Oui, les Sénégalais lisent de moins en moins et cela est également noté chez les élèves. ‘’Tourbillon’’ est d'abord une œuvre de moins de cent pages, donc, facile à lire et qui traite aussi des faits quotidiens avec beaucoup de sujets tabous. Et ensuite, il a une trame narrative qui " force" le lecteur à continuer à lire. En plus, je compte, en dehors de la cérémonie de dédicace, faire une grande campagne dans les médias, dans les réseaux sociaux, afin que beaucoup de Sénégalais et d'autres découvrent ce livre, qui est le fruit de plusieurs années de réflexions basées uniquement sur la création littéraire, mais très instructif. Et je pense que d'autres médias vont nous ouvrir leurs portes pour poursuivre la publicité de l'ouvrage.

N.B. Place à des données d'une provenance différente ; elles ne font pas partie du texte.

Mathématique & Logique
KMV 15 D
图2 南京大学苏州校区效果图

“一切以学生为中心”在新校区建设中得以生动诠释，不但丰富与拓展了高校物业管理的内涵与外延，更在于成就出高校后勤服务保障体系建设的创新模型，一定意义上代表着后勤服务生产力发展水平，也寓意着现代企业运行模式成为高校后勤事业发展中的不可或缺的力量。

Comment voyez-vous la littérature sénégalaise aujourd'hui, en tant qu'auteur?
Je peux dire que la littérature sénégalaise se porte mieux et surtout avec cette nouvelle génération. Je suis optimiste et c'est pourquoi, je pense bien que la relève est là et d'ailleurs, elle est bien assurée. Je peux l'affirmer sans risque de me tromper. Cependant, beaucoup de choses restent à faire pour les amoureux de la littérature, mais aussi, surtout du côté des autorités gouvernementales, en subventionnant les œuvres et en aidant plus particulièrement les jeunes écrivains qui ont du mal à publier leurs manuscrits.

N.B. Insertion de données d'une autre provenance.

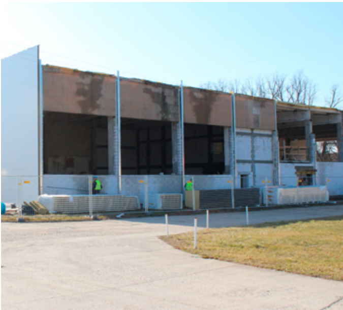
Neubau Plantag Polen

Mit den geplanten Investitionen sollen vor allem die Produktionsbedingungen für moderne Lacksysteme optimiert werden. Nach umfangreichen Investitionen in Lager und Logistik in den letzten Jahren erfordert die Entwicklung neuer moderner Produkte in den Bereichen „Wasserlacksysteme“ und „Strahlenhärtende Systeme“ eine Anpassung der Produktionstechnik, der Abläufe und Kapazitäten. Die Investitionen sind Ausdruck einer nachhaltigen Wachstumsstrategie, zu der auch die Fokussierung auf die Entwicklung umweltfreundlicher und moderner Lacksysteme beiträgt.

En tant qu’enseignant, quelle est votre opinion sur la crise scolaire actuelle ?
Je suis meurtri quand je parle des maux qui gangrènent le système éducatif au Sénégal. D'abord, l'enseignant n'est plus respecté, du fait qu'il a été diabolisé, vilipendé et, du coup, il a perdu toute son image, son statut. Ensuite, l'enseignant est devenu méconnaissable, il suffit de dire qu’on est enseignant pour qu'on nous regarde avec un certain mépris. Or, les revendications sont légitimes. On demande le respect d’accords légitimes et réalisables déjà signés. Et dans ces accords, il n'y a pas que l'argent, il y a l'alignement des indemnités, mais, il y a aussi les passerelles, la formation continue des enseignants, la signature des actes, les avancements, les rappels et la non surimposition, les prêts DMC, entre autres. Donc, l'État doit revoir la situation des enseignants, avant qu'elle ne pourrisse davantage. Et peut-être passer à une assise de l'éducation nationale, sinon les mêmes causes produiront toujours les mêmes effets.